(Beginning of RAW DATA)

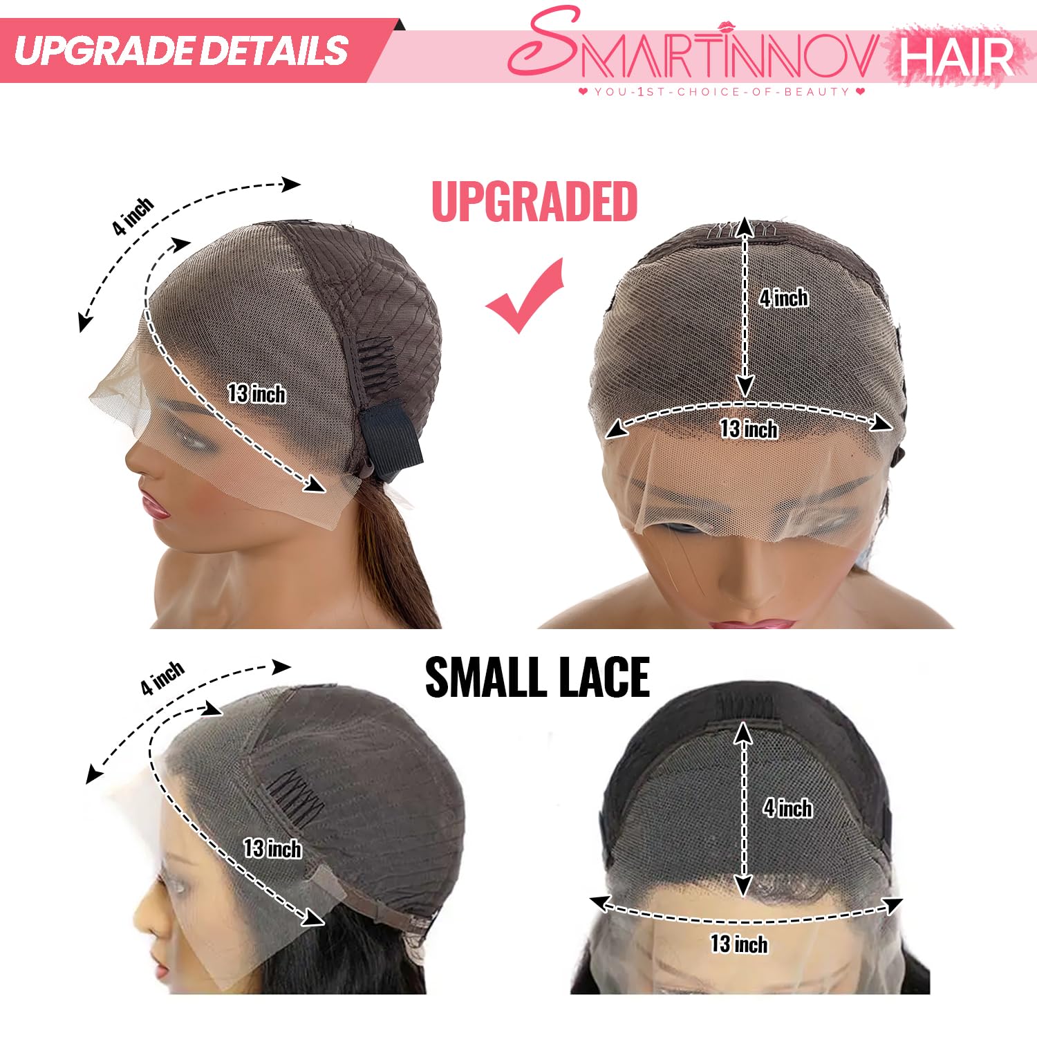 - 【13X4 HD Transparent Lace】Smartinnov 13X4 HD Transparent Lace Melts Perfectly Onto Your Skin, Invisible, Comfortable &Breathable& Durable, 13inch x 4 inch Frontal Can be Parted to Any Side,Glueless, Texture Silky, Can Be Dyed And Curled.Density Is 180% . Suitable For Party, Birthday, Travel, Celebration, Wedding, Graduation, And Daily Life.
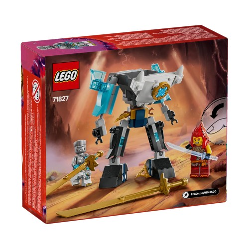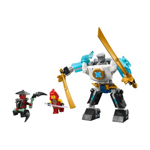 Набор LEGO NINJAGO: Боевой костюм Зейна— это небольшой игровой набор из 92 деталей, предназначенный для детей от 6 лет, чтобы разыгрывать сцены из 3-го сезона телешоу NINJAGO: Восстание драконов. Центральной моделью является подвижный боевой робот Зейна, выполненный в его традиционных белых, голубых и черных тонах. Робот имеет шарнирные руки, ноги, кисти, а его верхняя часть корпуса вращается на 360 градусов, что позволяет принимать различные боевые позы. В грудной части робота расположена открывающаяся кабина для минифигурки Зейна. В руках мех держит два больших меча. В набор входят три минифигурки: Зейн с двумя сюрикенами, Уайлдфайр с кристаллической катаной и злодей Дрикс, Мастер Роя из Запретной Пятерки, с двумя серпами. Собранный робот имеет высоту более 10 см.
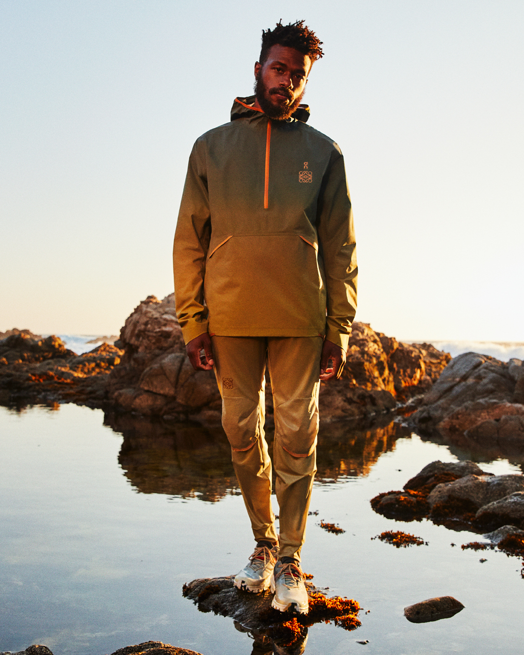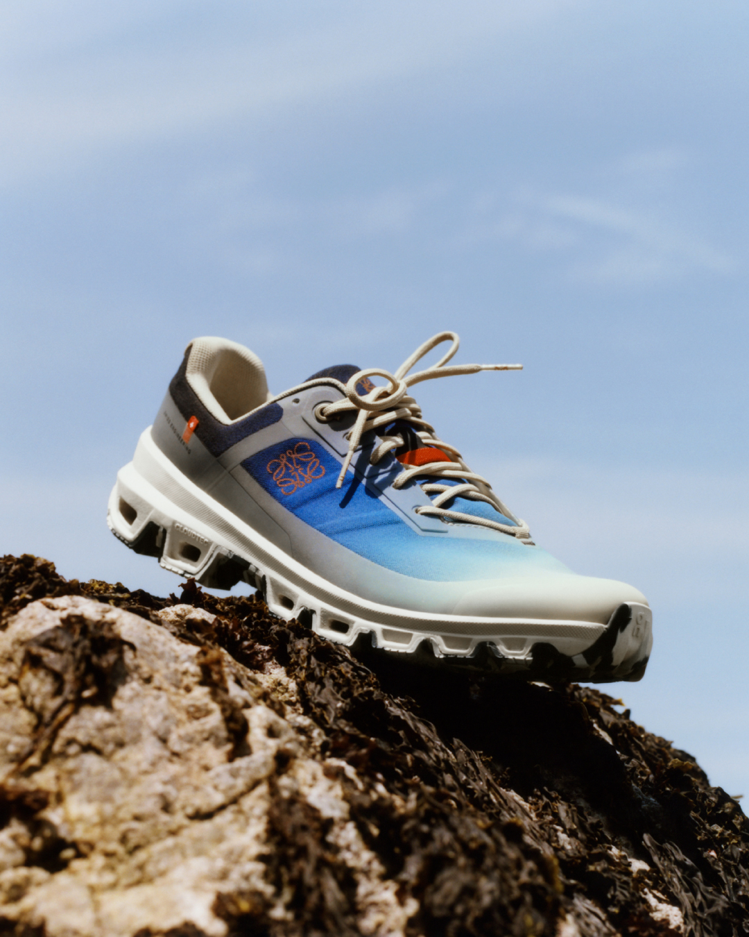 Crafted for city life the great outdoors, the collection features LOEWE editions of On’s iconic Cloudventure and Cloudrock performance shoes for both men and women. Available in five colourways —Gradient Khaki, Gradient Grey, Gradient Blue, Gradient Orange and Space Blue— the shoes feature both On’s trademark technologies, the Missiongrip™ rubber outsole and the Speedboard™ mid-sole hidden plate, as well as a recycled polyester upper, hand-pressed marbled outsoles, brass eyelets and a matte or iridescent mudguard. Outdoor footwear is paired with six ready-to-wear pieces for women and seven for men, each built with a unique blend of performance properties and key On features— weatheradaptable Running Pants, a moisture-wicking Waterproof Anorak, temperature regulating Performance-T t-shirts and a unisex customizable insulation three-layer Parka.
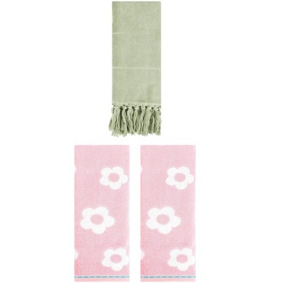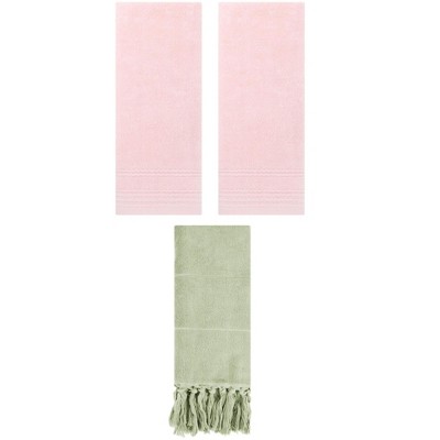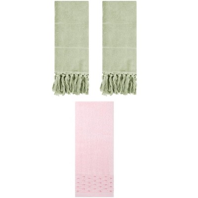 REGALWOVEN 3 Packs Solid Cotton Absorbent Soft Bathroom Hand Towel 14" x 30" Green/Pink

(End of RAW DATA)

YOUR INSTRUCTIONS: Begin with the line that contains "Набор LEGO NINJAGO: Боевой" and copy every line through the end of the listing, exactly as written, both ends included. Pictures are not part of the copy.

EXERCISE OUTPUT:
 Набор LEGO NINJAGO: Боевой костюм Зейна— это небольшой игровой набор из 92 деталей, предназначенный для детей от 6 лет, чтобы разыгрывать сцены из 3-го сезона телешоу NINJAGO: Восстание драконов. Центральной моделью является подвижный боевой робот Зейна, выполненный в его традиционных белых, голубых и черных тонах. Робот имеет шарнирные руки, ноги, кисти, а его верхняя часть корпуса вращается на 360 градусов, что позволяет принимать различные боевые позы. В грудной части робота расположена открывающаяся кабина для минифигурки Зейна. В руках мех держит два больших меча. В набор входят три минифигурки: Зейн с двумя сюрикенами, Уайлдфайр с кристаллической катаной и злодей Дрикс, Мастер Роя из Запретной Пятерки, с двумя серпами. Собранный робот имеет высоту более 10 см.
 Crafted for city life the great outdoors, the collection features LOEWE editions of On’s iconic Cloudventure and Cloudrock performance shoes for both men and women. Available in five colourways —Gradient Khaki, Gradient Grey, Gradient Blue, Gradient Orange and Space Blue— the shoes feature both On’s trademark technologies, the Missiongrip™ rubber outsole and the Speedboard™ mid-sole hidden plate, as well as a recycled polyester upper, hand-pressed marbled outsoles, brass eyelets and a matte or iridescent mudguard. Outdoor footwear is paired with six ready-to-wear pieces for women and seven for men, each built with a unique blend of performance properties and key On features— weatheradaptable Running Pants, a moisture-wicking Waterproof Anorak, temperature regulating Performance-T t-shirts and a unisex customizable insulation three-layer Parka.
 REGALWOVEN 3 Packs Solid Cotton Absorbent Soft Bathroom Hand Towel 14" x 30" Green/Pink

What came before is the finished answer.